Every record that follows should be written out word for word; the pictures stay out.

Dataset excerpts:
^^^^

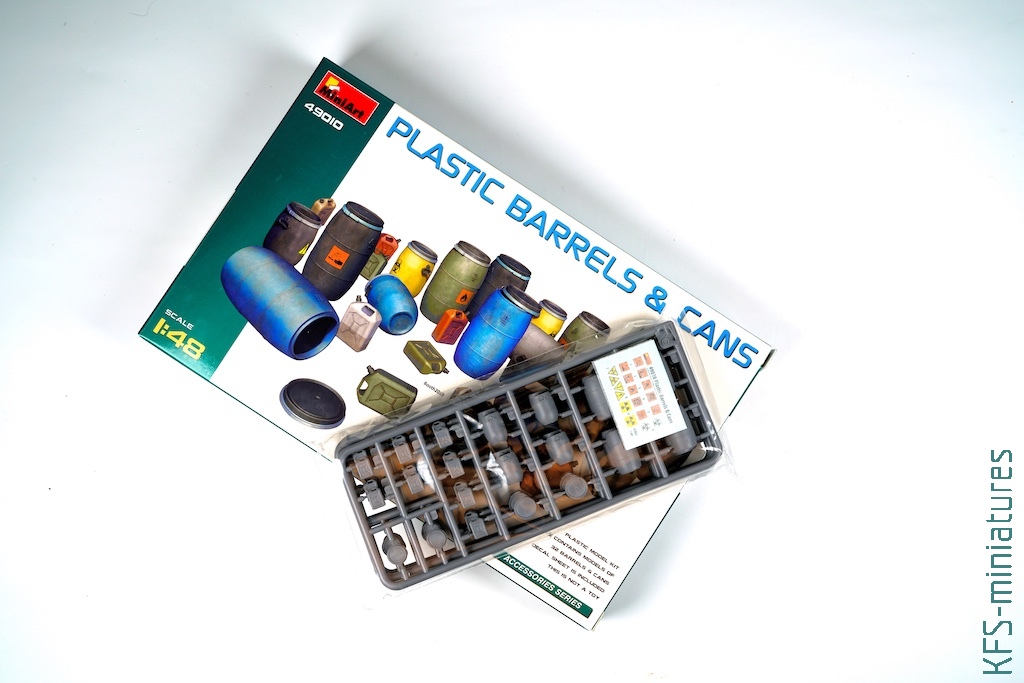 Plastic barrels & cans to kolejny zestaw prostych akcesoriów MiniArtu w skali 1/48. I po metalowych kanistrach z różnych epok, zestawach imitacji również metalowych beczek, na tapet zostały wzięte kanistry i beczki bardziej współczesne, czyli plastikowe.
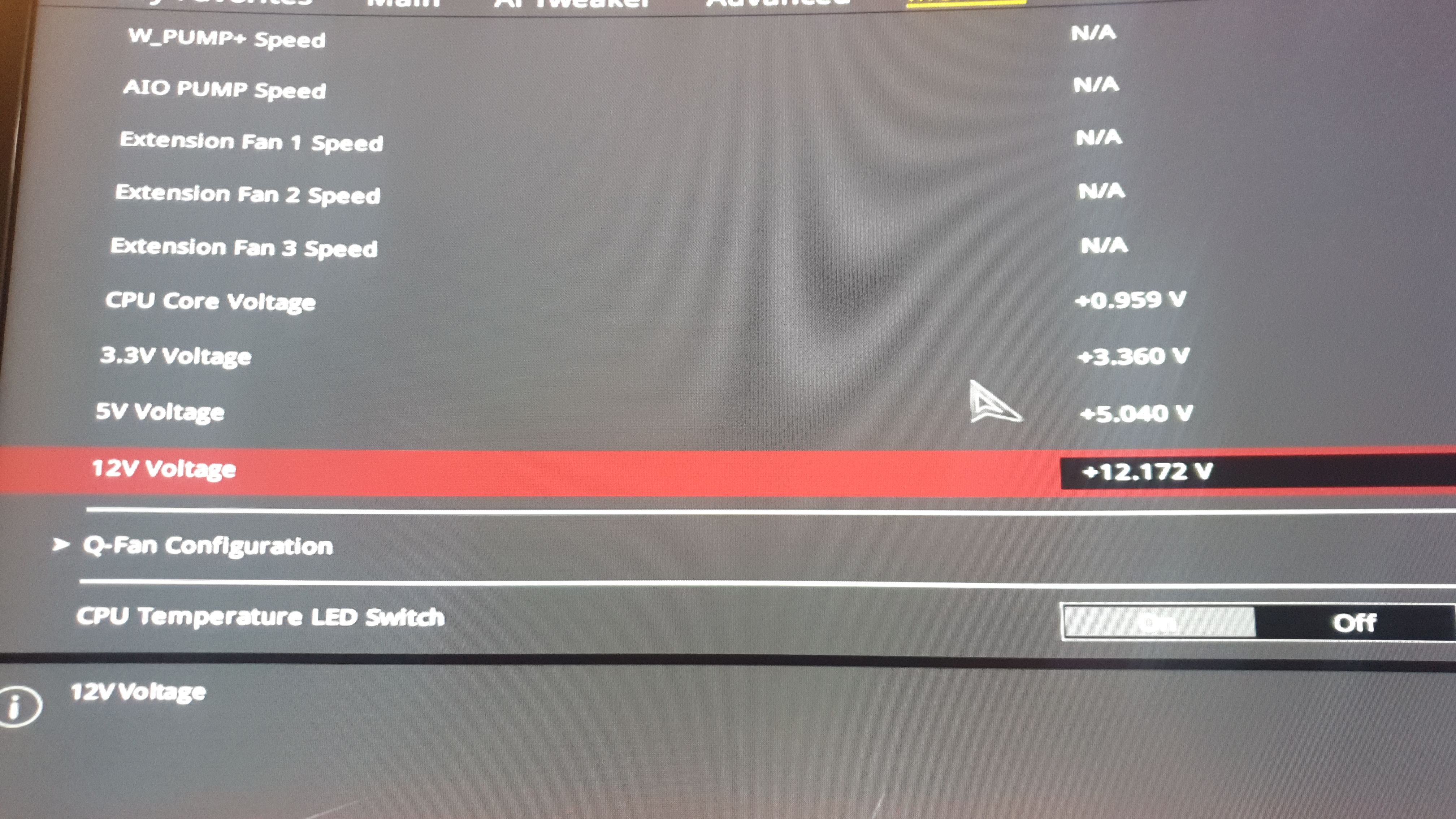 du kannst mit einem hardware tool auslesen ob die spannungen für 12v, 5v und 3,3v im rahmen liegen.
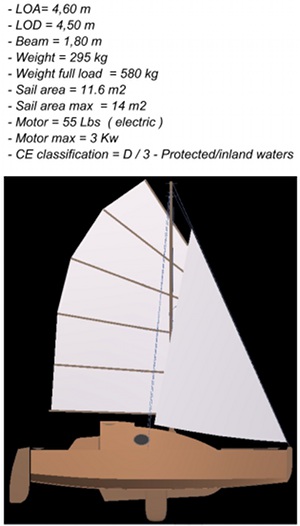 The junk rig sail is a major part of the design, with a hinged batten system that improves performance to windward.
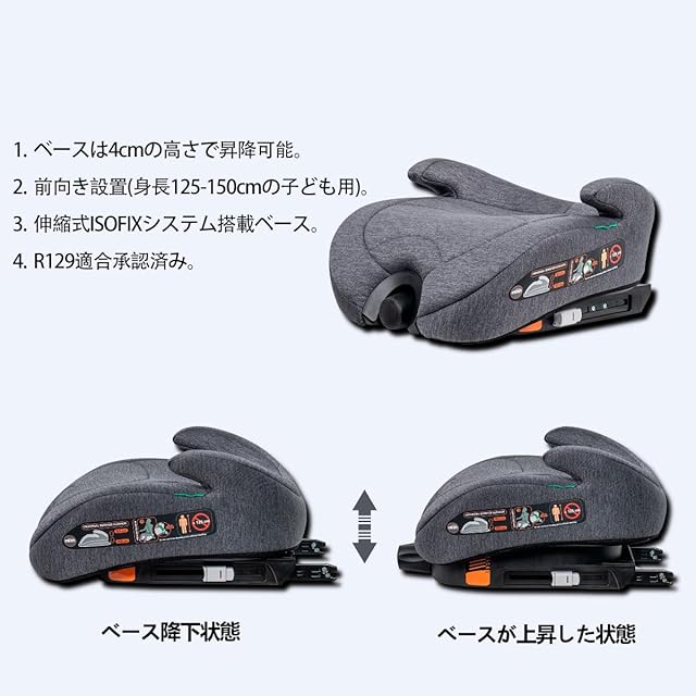 最新のEU規格: このキッズシートは、125~150cmのお子様用に設計されています。 このジュニアシートはヨーロッパのECE R129(I-SIZE)規格に準拠しており、従来のECE R44規格よりも厳しく、お子様をより確実に保護します。
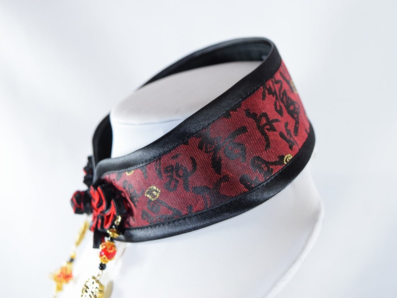 中華襟チョーカー(臙脂文字)Lサイズ[AR-SC412]

^^^^

* **ANSWER TO THIS EXERCISE**:
 Plastic barrels & cans to kolejny zestaw prostych akcesoriów MiniArtu w skali 1/48. I po metalowych kanistrach z różnych epok, zestawach imitacji również metalowych beczek, na tapet zostały wzięte kanistry i beczki bardziej współczesne, czyli plastikowe.
 du kannst mit einem hardware tool auslesen ob die spannungen für 12v, 5v und 3,3v im rahmen liegen.
 The junk rig sail is a major part of the design, with a hinged batten system that improves performance to windward.
 最新のEU規格: このキッズシートは、125~150cmのお子様用に設計されています。 このジュニアシートはヨーロッパのECE R129(I-SIZE)規格に準拠しており、従来のECE R44規格よりも厳しく、お子様をより確実に保護します。
 中華襟チョーカー(臙脂文字)Lサイズ[AR-SC412]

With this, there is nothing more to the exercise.